A U.S. seizure of Iranian-made missiles headed to the Houthis in Yemen shows the Iranian regime continuing to sow violence and flout international rules.
“Guided missiles and improvised explosive devices are not the tools of diplomacy,” U.S. Special Representative for Iran Brian Hook told reporters February 20. “They are the weapons of war and they are what Iran brings to the table.”
The U.S. Navy February 9 boarded a boat in the Arabian Sea and seized a large cache of weapons, including 150 anti-tank guided missiles and three surface-to-air missiles, as well as components for making waterborne explosives, U.S. officials say.
U.S. Secretary of State Michael R. Pompeo called the seizure “another example of the world’s largest state sponsor of terror the Islamic Republic of Iran continuing to defy the UN Security Council,” according to a February 14 tweet.

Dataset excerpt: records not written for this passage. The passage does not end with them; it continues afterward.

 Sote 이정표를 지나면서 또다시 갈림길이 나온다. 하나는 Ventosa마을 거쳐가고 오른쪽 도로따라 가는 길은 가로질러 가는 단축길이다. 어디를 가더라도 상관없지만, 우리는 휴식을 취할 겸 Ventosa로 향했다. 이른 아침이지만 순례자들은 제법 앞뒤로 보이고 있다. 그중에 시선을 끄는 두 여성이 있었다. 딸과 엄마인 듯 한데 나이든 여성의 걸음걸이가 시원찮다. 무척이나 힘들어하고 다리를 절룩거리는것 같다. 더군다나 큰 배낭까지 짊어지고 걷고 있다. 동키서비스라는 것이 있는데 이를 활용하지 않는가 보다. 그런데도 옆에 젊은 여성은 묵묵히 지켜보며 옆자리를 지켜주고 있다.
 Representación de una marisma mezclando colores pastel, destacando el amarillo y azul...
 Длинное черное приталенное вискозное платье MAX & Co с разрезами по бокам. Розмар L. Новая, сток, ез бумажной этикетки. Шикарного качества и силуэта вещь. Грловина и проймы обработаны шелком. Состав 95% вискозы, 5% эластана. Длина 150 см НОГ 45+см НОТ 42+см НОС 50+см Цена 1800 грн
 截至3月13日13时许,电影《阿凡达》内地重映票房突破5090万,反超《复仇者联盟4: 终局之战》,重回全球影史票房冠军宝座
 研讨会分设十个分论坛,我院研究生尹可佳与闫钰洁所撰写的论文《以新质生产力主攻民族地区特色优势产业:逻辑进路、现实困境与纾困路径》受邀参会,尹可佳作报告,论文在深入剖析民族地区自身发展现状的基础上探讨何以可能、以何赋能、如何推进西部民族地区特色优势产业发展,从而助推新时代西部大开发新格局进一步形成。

U.N. Security Council resolutions bar arming the Houthi rebels in Yemen and forbid Iran’s regime from buying and selling weapons. Pompeo has repeatedly urged the international community to extend the U.N. arms embargo against Iran, which expires in October.

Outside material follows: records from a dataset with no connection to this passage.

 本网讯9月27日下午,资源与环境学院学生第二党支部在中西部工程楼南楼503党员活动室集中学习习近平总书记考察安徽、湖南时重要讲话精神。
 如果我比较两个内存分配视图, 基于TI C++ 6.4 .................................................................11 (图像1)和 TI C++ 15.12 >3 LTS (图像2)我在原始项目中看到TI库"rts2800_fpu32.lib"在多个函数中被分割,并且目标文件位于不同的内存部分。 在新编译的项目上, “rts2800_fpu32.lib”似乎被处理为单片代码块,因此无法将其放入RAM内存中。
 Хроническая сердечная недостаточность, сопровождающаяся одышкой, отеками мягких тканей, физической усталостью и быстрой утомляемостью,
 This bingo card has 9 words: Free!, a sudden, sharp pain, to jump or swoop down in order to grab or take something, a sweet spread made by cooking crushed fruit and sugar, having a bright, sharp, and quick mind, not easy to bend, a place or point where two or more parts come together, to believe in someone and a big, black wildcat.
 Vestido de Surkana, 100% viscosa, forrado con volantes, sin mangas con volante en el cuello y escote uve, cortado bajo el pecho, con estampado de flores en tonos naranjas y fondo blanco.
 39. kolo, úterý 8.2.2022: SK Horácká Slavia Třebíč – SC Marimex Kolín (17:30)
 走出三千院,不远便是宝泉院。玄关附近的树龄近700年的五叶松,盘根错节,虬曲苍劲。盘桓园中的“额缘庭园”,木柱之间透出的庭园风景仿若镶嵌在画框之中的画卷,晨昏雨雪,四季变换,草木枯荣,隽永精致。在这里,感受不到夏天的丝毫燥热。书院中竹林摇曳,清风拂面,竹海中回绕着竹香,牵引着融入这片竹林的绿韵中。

The Iranian regime’s arming of foreign fighters comes as the country’s leaders continue to ignore the Iranian people’s calls to spend resources at home, while denying voters the opportunity to elect leaders of their choice in the parliamentary election.

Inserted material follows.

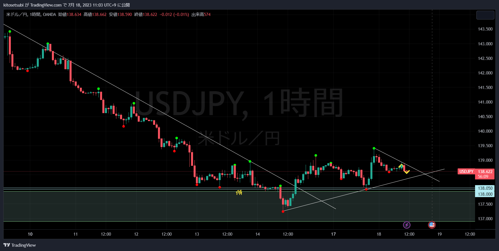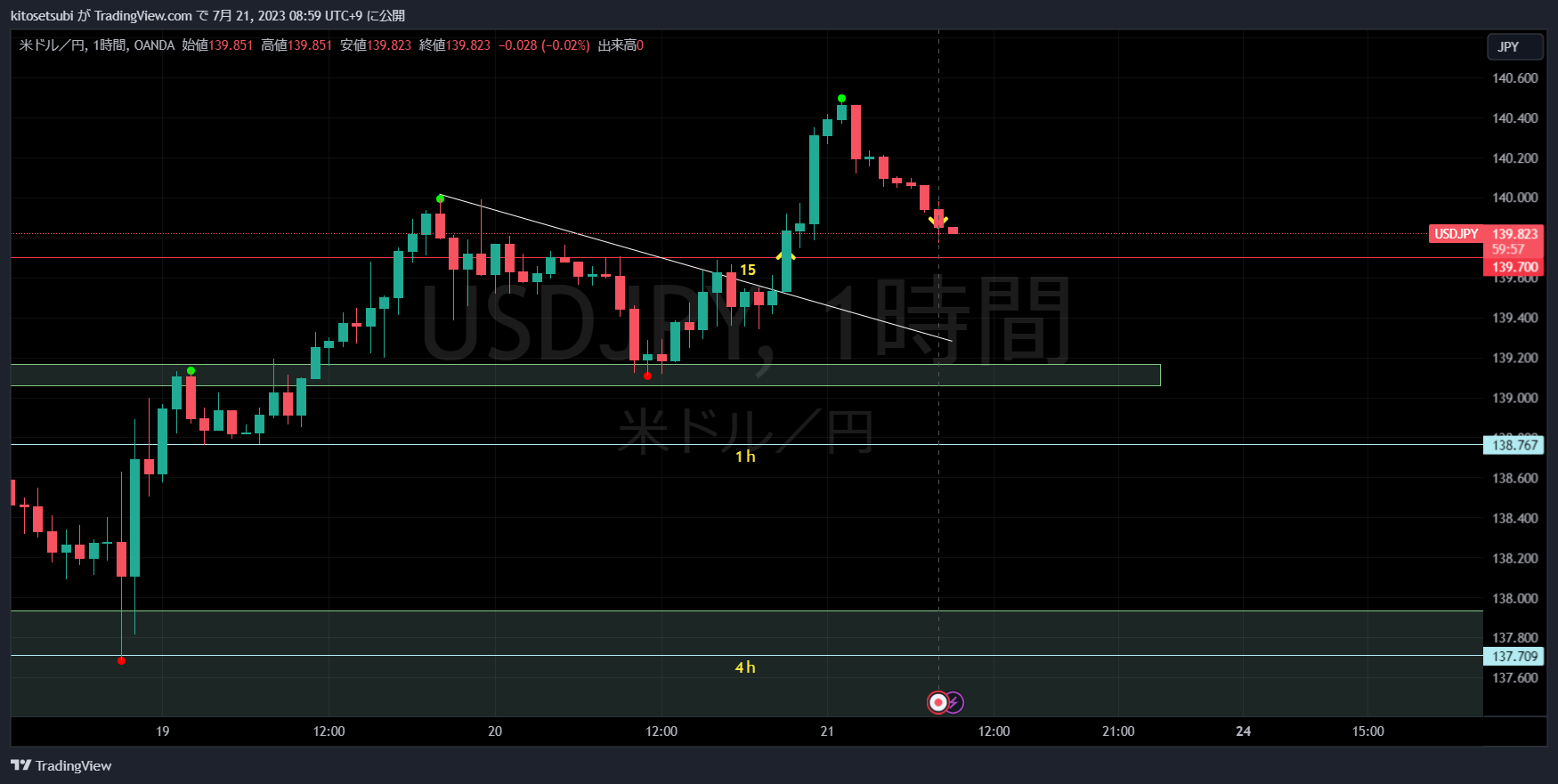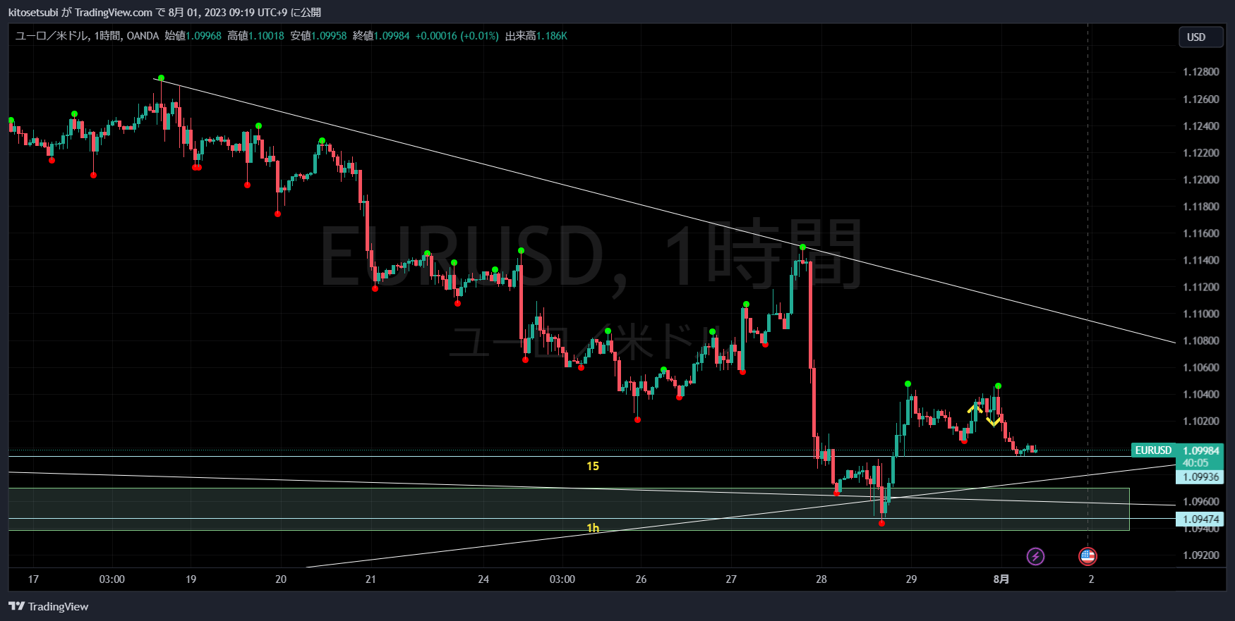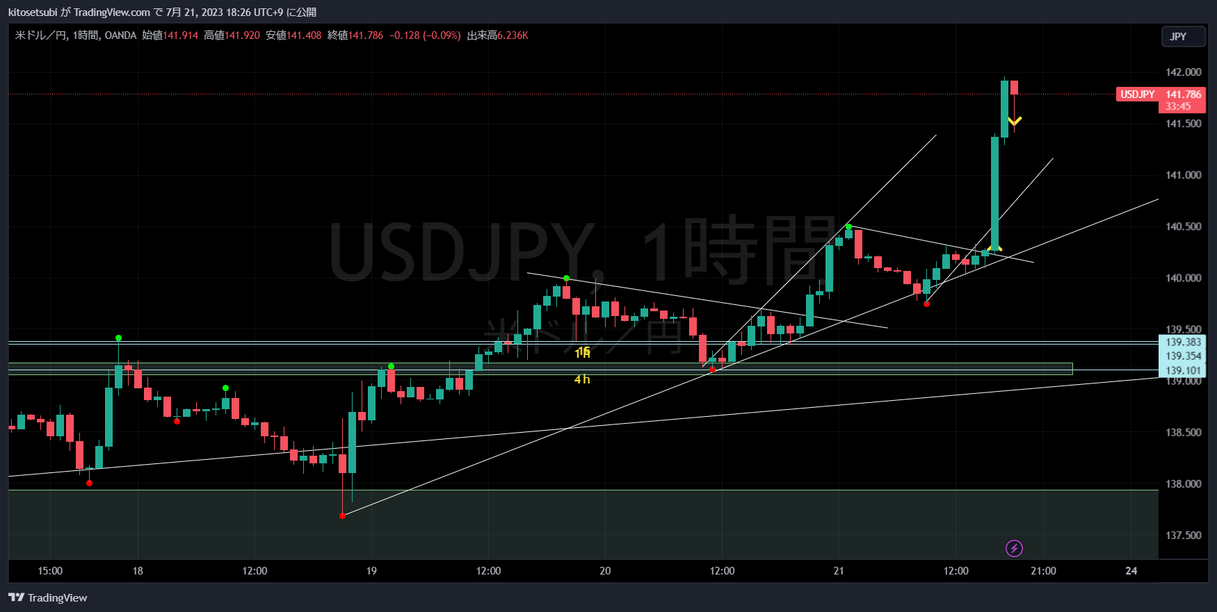 1時間でのネックラインでエントリーをしているのでレートが見にくい時は上位足を見るようにしてください
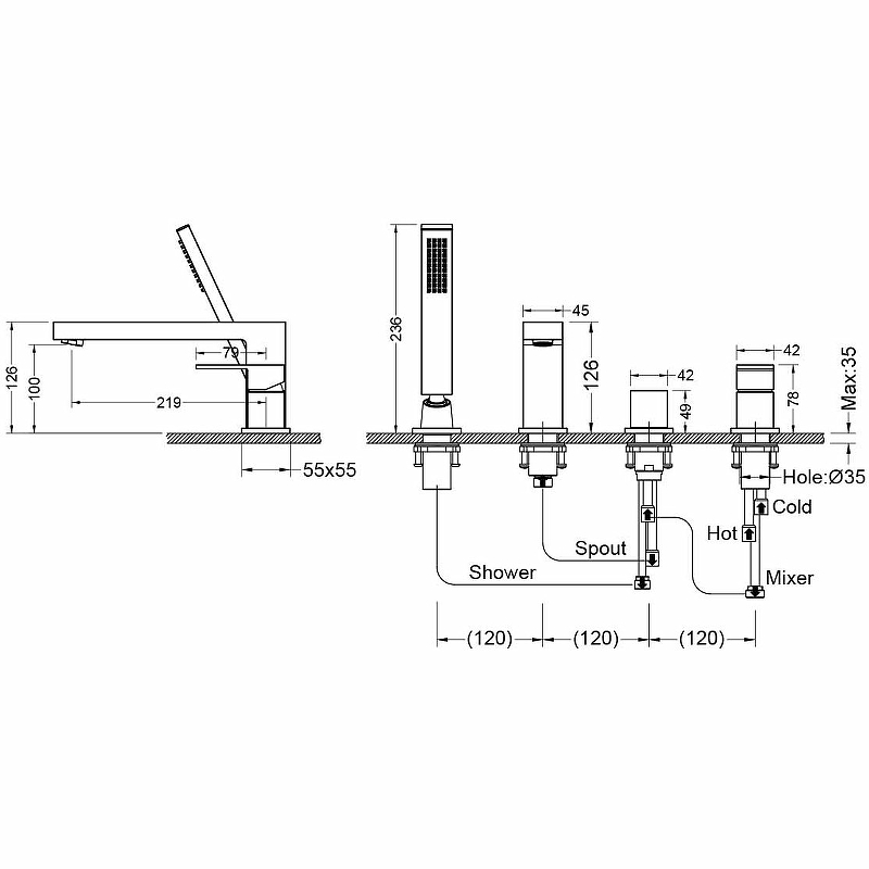 Смеситель на борт ванны Aquatek Либра AQ1648CR с душевым гарнитуром.

The unelected Guardian Council has disqualified thousands of candidates who sought to run for office in the February 21 parliamentary elections.
“The Iranian people know that tomorrow’s election is political theater,” Hook said February 20 when he also announced that the Trump administration was sanctioning five senior regime officials who denied the Iranian people free and fair parliamentary elections. “It is a republic in name only when the government disqualifies half of the candidates running for office.”